Reasoning Patterns: Improve LLM accuracy within a single prompt by controlling its thinking process with Custom Chain-of-Thought and Structured Outputs.
Final Answer Generation: The optimized result is generated and delivered using o3-mini.

2nd Place: Team Hopeless

High Precision through Multi-Step Processing, Consistency Checking, and LLM-Supported Reranking

Model: gpt-4o-2024-08-06

Dynamic Structured Output: The system uses SEC EDGAR ontologies to systematically organize information. Structured Outputs help to drive Chain-of-Thought and ensure classification precision.
Query Expansion: The query is semantically translated (expanded) to the search space using CBOW similarity.
Majority Voting for Multiple Runs: Several answer variations are generated, and the best one is selected.Mehrere Antwortvarianten werden generiert, verglichen und die beste ausgewählt.
Intelligent Chunking: The system processes text page by page instead of token-based, preserving better context coherence.

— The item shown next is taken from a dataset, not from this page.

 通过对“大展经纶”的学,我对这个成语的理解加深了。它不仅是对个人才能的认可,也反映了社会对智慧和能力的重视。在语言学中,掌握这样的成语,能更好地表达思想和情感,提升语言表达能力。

Insights into the Winners of the IBM watsonx Track

1st Place: Ilia Ris

Dense Retrieval, Intelligent Routing, LLM Reranking, Self-Consistency & Reasoning

Model: IBM WatsonX llama-3.3 70B

PDF Parsing: Uses a heavily modified Docling library from IBM to extract and structure text.
Dense Retrieval: Retrieves relevant information based on semantic similarity with IBM embedding models.
Router Pattern: First step in question answering flow picks the most suitable agent.
Parent Document Retrieval: Expands the context by retrieving larger document sections.
LLM Reranking: Reorders retrieved results with LLM to improve relevance.
Reasoning with Structured Outputs (SO):
- Chain-of-Thought (CoT) – Enhances logical reasoning in responses.
- Schema Repair – Fixes responses of models that don’t have constrained decoding to support SO.
Self-Consistency with Majority Vote: Generates multiple responses and selects the most consistent one.
LLM: Uses Llama-3.3 70B (IBM WatsonX) to drive this RAG implementation.

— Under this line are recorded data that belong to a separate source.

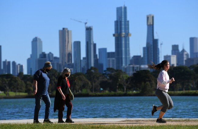 People are seen exercising along Albert Park Lake in Melbourne James Ross/AAP via PA Images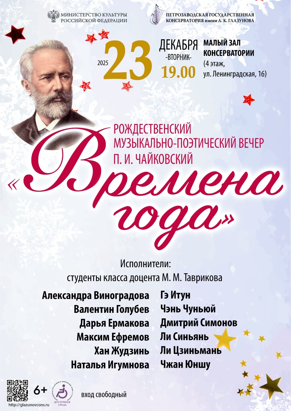 23 декабря 2025 года в 19.00 в Малом зале консерватории (4 этаж, ул. Ленинградская, 16) состоится рождественский музыкально-поэтический вечер «Времена года» П. И. Чайковский.
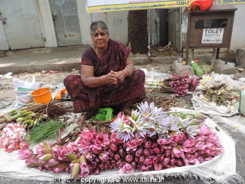 This lady selling beautiful Water Lilies appeared to be very satisfied with her job and also obliged to be photographed. Picture taken in front of Vinayagar Temple, Pondicherry.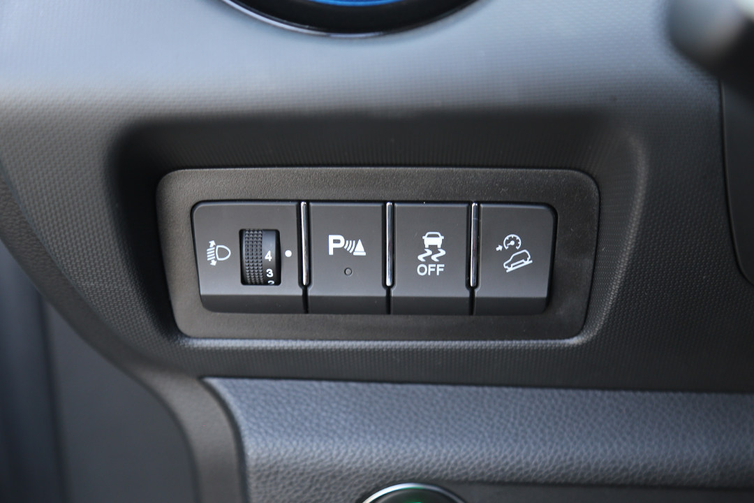 储物空间倒是做得更出色,换挡按钮前方有一块区域可以放一些手机和随身物品,两侧还有一个储物格,方向盘左侧还有一个小储物格,放卡片零钱都没问题。

2. Platz: A. Rasskazov & V. Kalesnikau

Intelligent Retrieval, Adaptive Matching & LLM-Driven Answer Generation

Models: Combination of Llama-3, Granite Embeddings & GPT-4o-mini

Database Initialization: Generate the RAG model databases to store and retrieve relevant information.
Key Information Extraction: Identify essential details from the question, such as company, industry, metric, and currency.
Similarity Matching: Find the most similar question in the database based on the extracted key metrics.
Leverage Existing Knowledge: Use the answer from the similar question as a reference for the new query.
LLM-Powered Response Generation: Utilize the LLM model to refine or generate a new answer if necessary.
Final Answer Compilation: Gather all responses, structure them, and present the best result to the user.

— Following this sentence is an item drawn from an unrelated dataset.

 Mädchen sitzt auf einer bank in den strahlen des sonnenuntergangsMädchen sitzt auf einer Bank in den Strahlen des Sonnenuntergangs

3rd Place: Team Nightwalkers

Efficient Retrieval & LLM-Powered Answer Generation

Models: Use of DeepSeek Llama-70B and IBM Granite Embeddings

Vector Database Creation: Build a vector database using all-MiniLM-L6-v2 / IBM Granite Embeddings (107M, multilingual) to enable efficient semantic search.
Query Processing: When a question is asked, the system searches the database for the most relevant page and document.
Document Retrieval: The best-matching content is selected based on similarity scoring.
LLM Answer Generation: The retrieved information is sent to the IBM WatsonX LLM (LLM DeepSeek-r1-Distill-Llama-70B) to generate a structured and precise response.
Final Output: The AI-generated answer is refined and presented to the user.

Key Take-Aways from the Regular Track

LLM Reasoning patterns (based on Structured Outputs and Custom Chain of Thought) are used in almost all top submissions.
If you have a solid RAG architecture, you can get great results even with the smallest model. Ilia’s solution scored 109.3 (R: 81.1, G: 68.7) with llama-3.1 8b.
Majority Vote is an efficient way to improve system accuracy

Key Take-Aways from the IBM watsonx Track

You don’t need to compromise safety and quality. It is possible to achieve great scores with models that you can run locally.
IBM Docling library is the key differentiator for parsing business documents.
Context is the king - accurate retrieval is essential for producing accurate answers.